2. Passverbindung gemäß Anspruch 1, wobei der erste Verbinder (70) zwei Vorsprünge (71a, 72a, 73a) umfasst und der zweite Verbinder (80) zwei Vorsprünge (81a, 82a) umfasst.

3. Passverbindung gemäß Anspruch 1 oder Anspruch 2, wobei sowohl der erste Verbinder als auch der zweite Verbinder (70, 80) auch eine drucklastaufnehmende Oberfläche (78, 88) umfassen, die zwischen zumindest einem ersten Vorsprung (71a, 81a) und zumindest einem zweiten Vorsprung (71b, 81b) angeordnet ist, wobei die drucklastaufnehmende Oberfläche (78) des ersten Verbinders (70) in einer gegenüberliegenden Beziehung zur drucklastaufnehmenden Oberfläche (88) des zweiten Verbinders (80) steht.

4. Kran mit einem Oberwagen, welcher drehbar auf einem Unterwagen montiert ist, wobei der Oberwagen die Passverbindung zwischen zwei zusammensetzbaren Auslegerteilen gemäß einem der Ansprüche 1, 2 oder 3 aufweist,

a) ferner umfassend zumindest ein erstes und ein zweites Auslegerteil (53, 54), mit jeweils einer Längsachse (41) und einem ersten und einem zweiten Ende, wobei das zweite Ende des ersten Teils (53) mit dem ersten Ende des zweiten Teils (54) gekoppelt ist, wobei das erste Auslegerteil (53) das erste zusammensetzbare Auslegerteil und der zweite Auslegerteil (54) das zweite zusammensetzbare Auslegerteil beinhaltet.

5. Kran gemäß Anspruch 4, wobei die Positionieroberflächen (74, 84) dazu ausgestaltet sind, das erste und das zweite Auslegerteil (53, 54) in zwei Dimensionen innerhalb einer schräg zur Achse der Öffnungen durch die Verbinder (70, 80) schrägen Ebene in eine Relativposition zu führen, so dass die Öffnungen durch die Vorsprünge (71a, 81a) in den Verbindern (70, 80) genügend positioniert sind, so dass der Bolzen (95) durch die Öffnungen der Vorsprünge (71a, 81a) im ersten und im zweiten Passverbinder (70, 80) eingesetzt werden kann, sogar wenn der erste und der zweite Auslegerteil (53, 54) axial nicht ausgerichtet sind.

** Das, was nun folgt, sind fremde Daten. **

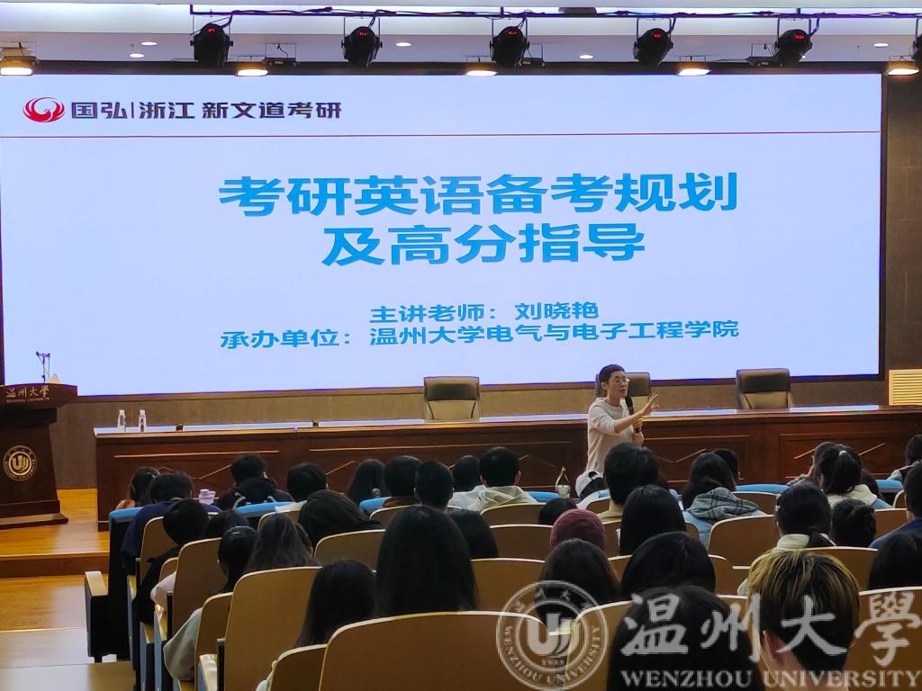 为进一步营造积极向上的考研氛围,助力学生规划考研之路,2023年3月31日下午14:40,成人网站 联合浙江新文道考研机构在岩松堂步青厅开展考研英语专题讲座。本次讲座邀请到国内考研英语名师刘晓艳为同学进行英语备考规划和指导。本次讲座吸引了近300余名同学参与。

6. Kran gemäß einem der Ansprüche 4 oder 5, wobei das erste und das zweite Auslegerteil (53, 54) jeweils ferner zusätzliche Verbinder (70, 80) umfassen, und die zusätzlichen Verbinder (70, 80) jeweils eine Auflaufoberfläche (78, 88) umfassen, wobei die Auflaufoberflächen (78, 88) so positioniert sind, dass der erste und der zweite Verbinder (70, 80) durch den durch ihre Öffnungen hindurchgehenden Bolzen (95) zusammengekoppelt sind, und der erste und der zweite Auslegerteil (53, 54) in einer nicht-ausgerichteten Position sind, eine Rotation des ersten und des zweiten Auslegerteils (53, 54) um den durch die Öffnungen der gekoppelten ersten und zweiten Verbinder (70, 80) hindurchgehenden Bolzen (95) bis zu dem Punkt, wo die Auflaufoberflächen (78, 88) der zusätzlichen Verbinder (70, 80) am ersten und am zweiten Auslegerteil (53, 54) einander kontaktieren, das erste und das zweite Auslegerteil (53, 54) das erste und das Auslegerteil (53, 54) zueinander ausrichtet und die Öffnungen an diesen zusätzlichen Verbindern (70, 80) zueinander ausrichtet.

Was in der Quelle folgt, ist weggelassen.